1Key Laboratory of Forest Genetics and Biotechnology, Nanjing Forestry University, 159 Longpan Road, Nanjing 210037, China
2Division of Chemistry and Biological Chemistry, Nanyang Technological University, 21 Nanyang Link, Singapore 637371
3Collaborative Innovation Center of Sustainable Forestry in Southern China of Jiangsu Province, 159 Longpan Road, Nanjing 210037, China

Received 25 August 2015; Revised 26 October 2015; Accepted 1 November 2015

Academic Editor: Sudhir Sopory

Copyright © 2015 Bei Lv et al. This is an open access article distributed under the Creative Commons Attribution License, which permits unrestricted use, distribution, and reproduction in any medium, provided the original work is properly cited.

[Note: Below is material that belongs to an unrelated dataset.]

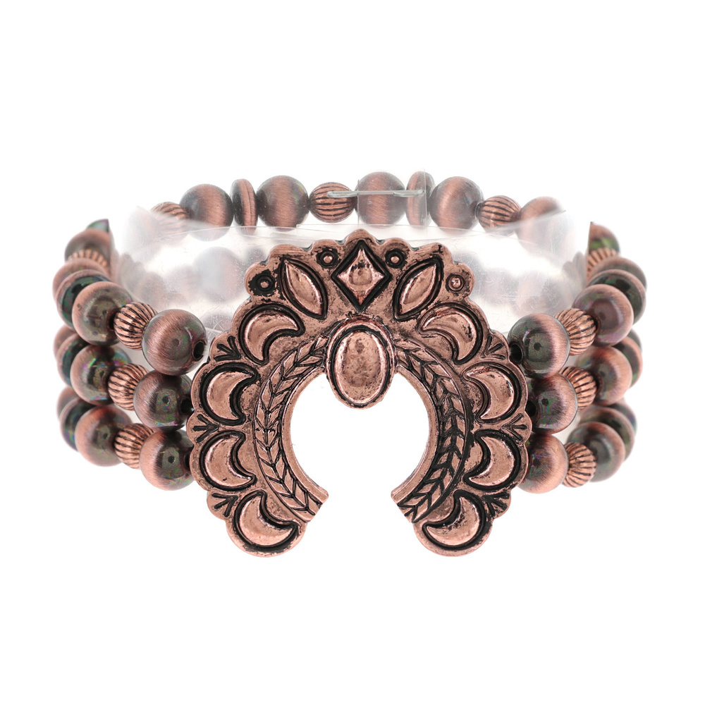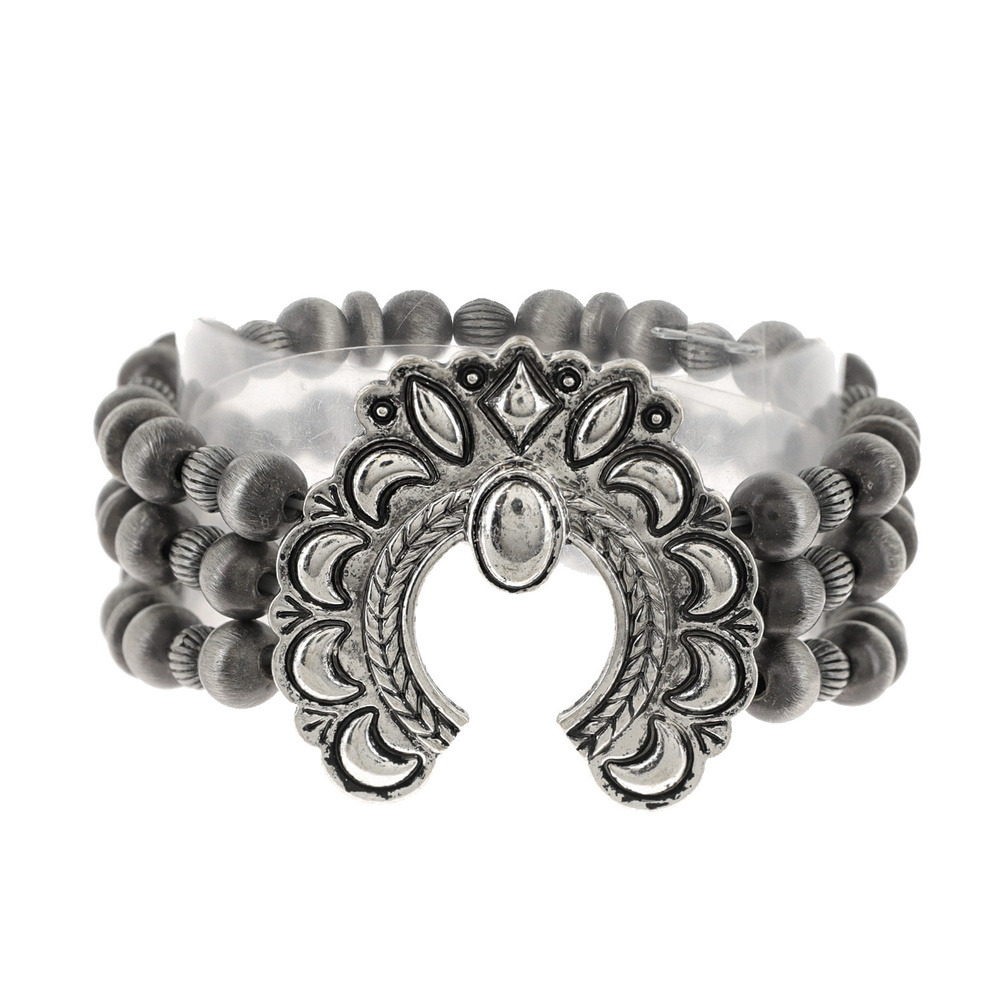 Western Navajo Pearl Beaded Multistrand Squash Blossom Stretch Bracelet

The effects of dimethyl sulfoxide (DMSO) on supercoiled plasmid DNA relaxation catalyzed by two typical type I topoisomerases were investigated in our studies. It is shown that DMSO in a low concentration (less than 20%, v/v) can induce a dose-related enhancement of the relaxation efficiency of Escherichia coli topoisomerase I (type IA). Conversely, obvious inhibitory effect on the activity of calf thymus topoisomerase I (type IB) was observed when the same concentration of DMSO is used. In addition, our studies demonstrate that 20% DMSO has an ability to reduce the inhibitory effect on EcTopo I, which was induced by double-stranded oligodeoxyribonucleotides while the same effect cannot be found in the case of CtTopo I. Moreover, our AFM examinations suggested that DMSO can change the conformation of negatively supercoiled plasmid by creating some locally loose regions in DNA molecules. Combining all the lines of evidence, we proposed that DMSO enhanced EcTopo I relaxation activity by (1) increasing the single-stranded DNA regions for the activities of EcTopo I in the early and middle stages of the reaction and (2) preventing the formation of double-stranded DNA-enzyme complex in the later stage, which can elevate the effective concentration of the topoisomerase in the reaction solution.